In contrast to this study, our previous research found lower or similar TPC and antioxidant capacity of freeze-dried Polish Gala apples conventionally impregnated with hypotonic Polish SB juice, even without CaL addition, as compared to FA+AA and FA [Arnold et al., 2025]. The variation in raw material origin may explain the differences in results, as apples and SB juice from different regions can exhibit distinct physicochemical compositions [Ciesarová et al., 2020; Raj et al., 2021]. The differences in physicochemical compositions of apples and SB juice may further influence the mass transfer during the impregnation process and subsequently the chemical composition and antioxidant properties of the end products.

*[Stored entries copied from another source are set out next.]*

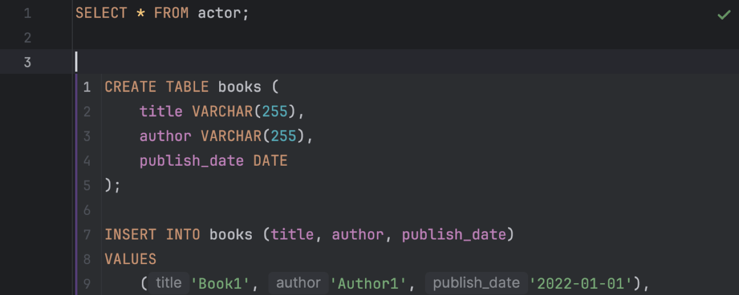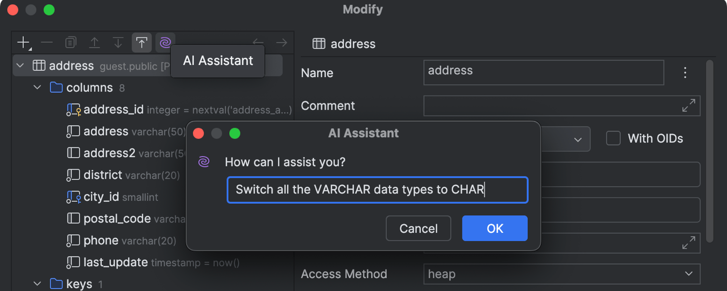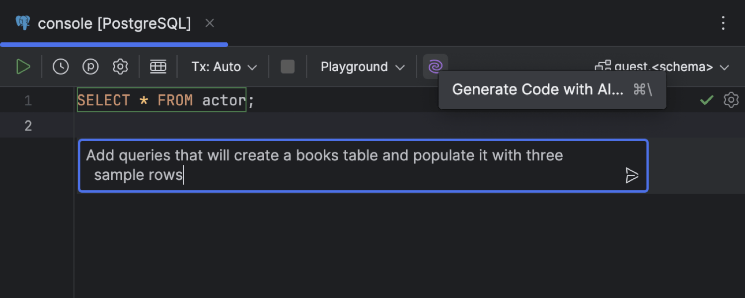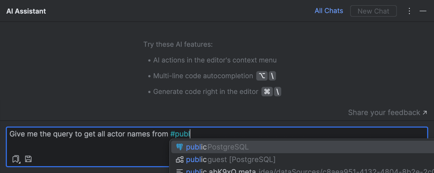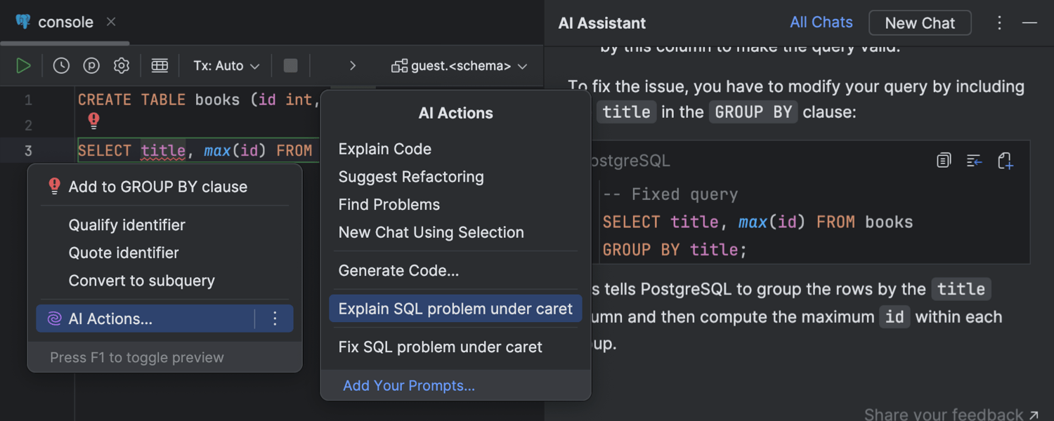 在这个版本中,我们为数据库引入了新的 AI Assistant 功能。 借助文本到 SQL 功能,您可以点击 Generate Code with AI(使用 AI 生成代码)并输入提示直接在编辑器中生成 SQL 代码。 您可以接受、重新创建或优化代码,如果有其他问题,可以将其带到 AI 聊天。 此外,AI Assistant 可以帮助修改表,允许您请求更改,例如将所有 VARCHAR 数据类型切换为 CHAR。 它还可以帮助您理解和修正 SQL 问题,并提供解释和修正建议。 您可以输入 # 后跟要添加到提示中的数据库架构的名称,将数据库架构附加到 AI 聊天。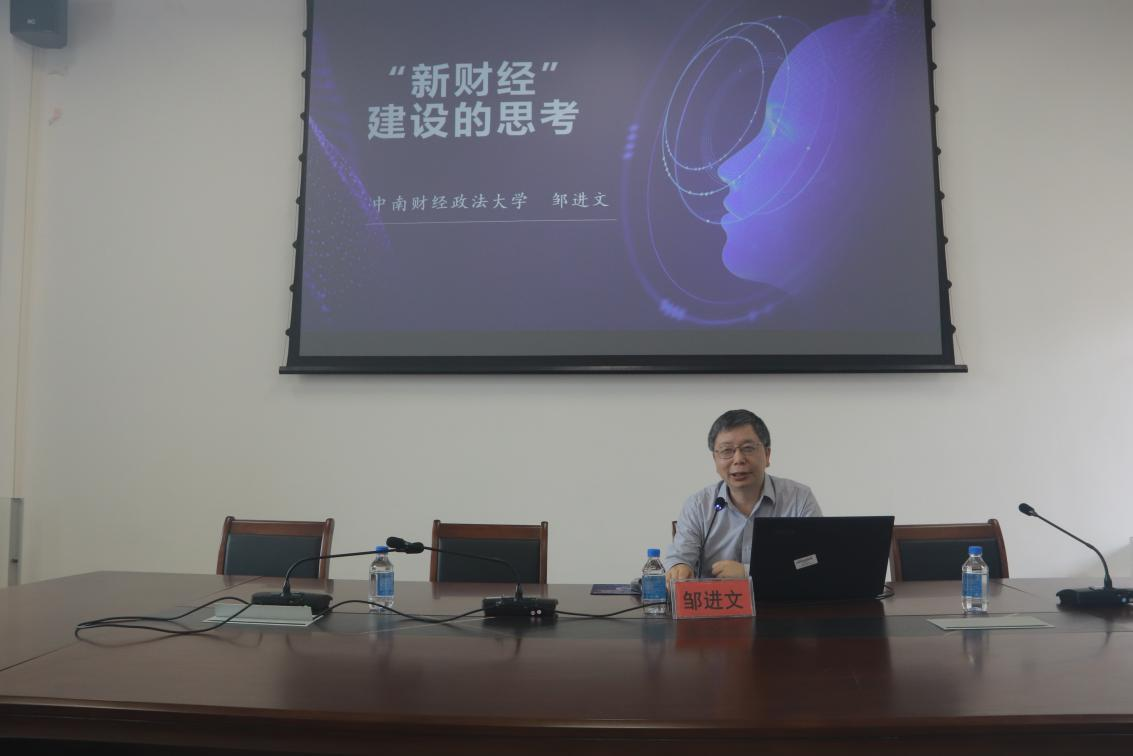 4月28日下午,太阳成tyc33455ccwww特邀中南财经政法大学副董事长邹进文教授于公司清源楼A-217会议室了开展一场以“新财经建设的思考”为题的讲座。太阳成集团tyc33455cc副董事长许进杰、该院领导班子成员、全体教职工到场聆听。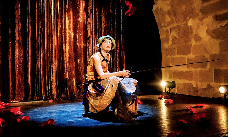 Marie Thomas, mise en scène par Michel Bruzat, arlequine funambule, réincarne avec justesse ce clochard poète, ce jongleur de mots, humaniste, qui nous parle de l’état du monde, de l’homme, de son paradis perdu et de ces conquêtes de chimérique.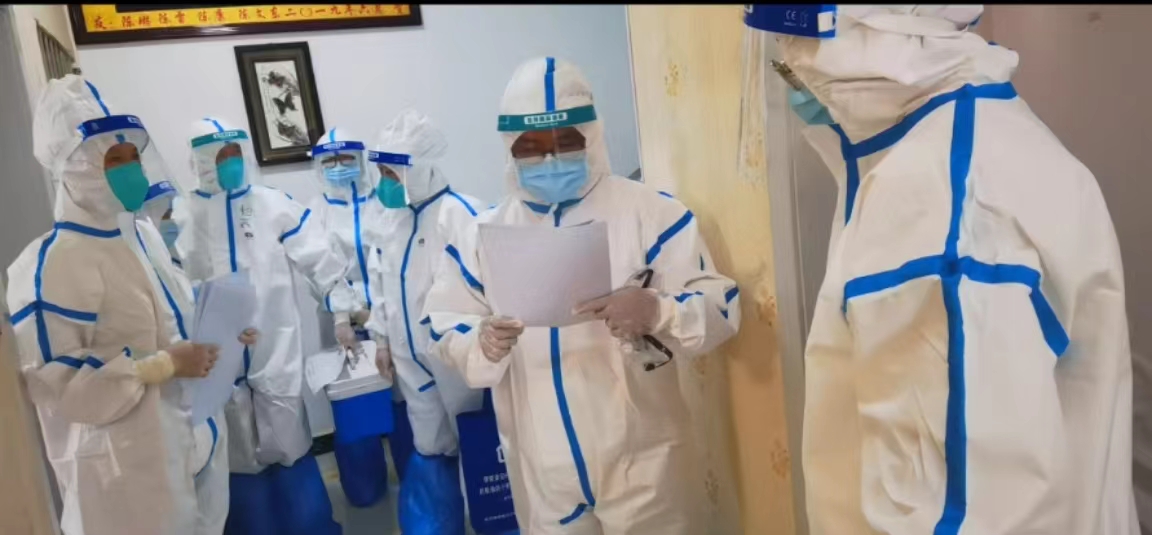 下午3时,康普卫生院的工作人员对穿戴疫情防护设备进行现场教学,全体干部职工现场观摩学习并进行实践演练。

In this study, the application of non-conventional techniques (VI and US) under certain treatment conditions improved the TPC and antioxidant capacity of freeze-dried samples in comparison to CON treatments under the same CaL concentration (Figure 1). For the VI treatment, samples prepared with VI_200 exhibited the highest TPC and antioxidant capacity in both 0% and 4% CaL. This indicated that the lower the pressure applied, the more empty intercellular spaces in apple tissue, and the better the mass transfer as more antioxidants from SB juice filled those spaces and eventually increased the antioxidant capacity of the freezedried product. This was in accordance with the weight gain (Table 3), where VI_200 exhibited the highest weight gain in 0% CaL (18.72%) and 4% CaL (16.74%).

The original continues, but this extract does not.